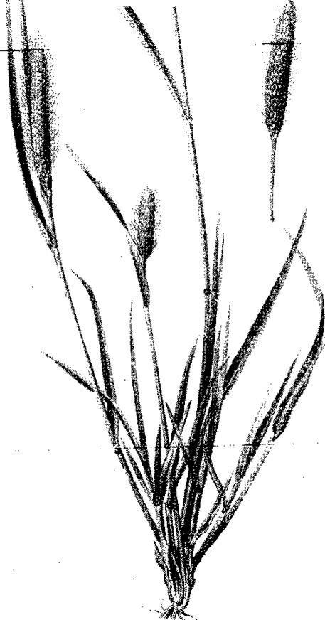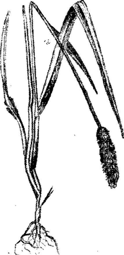 Щетинник зеленый (SetariaviridisP. В.). Однолетнее растение. Стебель высотой 20—60 см; листья линейно-ланцетные, шершавые, с остро-шершавыми краями; соцветие густое, цилиндрическое, длиной 10—20 см; колоски окружены щетинками с зазубринками (рис. 3).
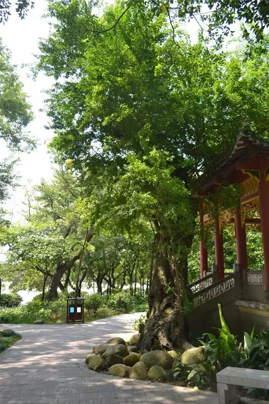 西湖中绿宝石一般的小岛“点翠洲”,抵得上一个植物园。树龄110多年的细叶榕,150年的岭南酸枣,100多年的水翁,100多年的乌桕,约110年的秋枫等等。惠州最老的牛蹄豆也在此处,已有110多岁。在点翠洲还可见到有趣的树木“吊瓜”,“瓜”尺余长、碗口粗、吊挂枝头,观果期长。这些树木长者镇守西湖,让西湖更显秀邃幽深,天成妙景。
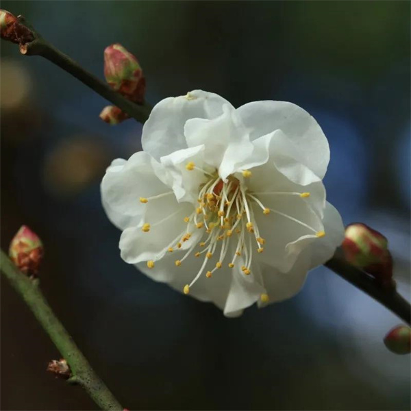 即便冬日的雪總是不太會光顧春城,但默默綻放在枝頭的白梅,如銀雕玉環雪,或疏淡或繁密,好似雪花的摯友在此靜默低語,不是雪又勝似雪。

#### [Assignment]
Print the preceding material over again exactly. Please leave the pictures out.

#### [Exercise response]
 Щетинник зеленый (SetariaviridisP. В.). Однолетнее растение. Стебель высотой 20—60 см; листья линейно-ланцетные, шершавые, с остро-шершавыми краями; соцветие густое, цилиндрическое, длиной 10—20 см; колоски окружены щетинками с зазубринками (рис. 3).
 西湖中绿宝石一般的小岛“点翠洲”,抵得上一个植物园。树龄110多年的细叶榕,150年的岭南酸枣,100多年的水翁,100多年的乌桕,约110年的秋枫等等。惠州最老的牛蹄豆也在此处,已有110多岁。在点翠洲还可见到有趣的树木“吊瓜”,“瓜”尺余长、碗口粗、吊挂枝头,观果期长。这些树木长者镇守西湖,让西湖更显秀邃幽深,天成妙景。
 即便冬日的雪總是不太會光顧春城,但默默綻放在枝頭的白梅,如銀雕玉環雪,或疏淡或繁密,好似雪花的摯友在此靜默低語,不是雪又勝似雪。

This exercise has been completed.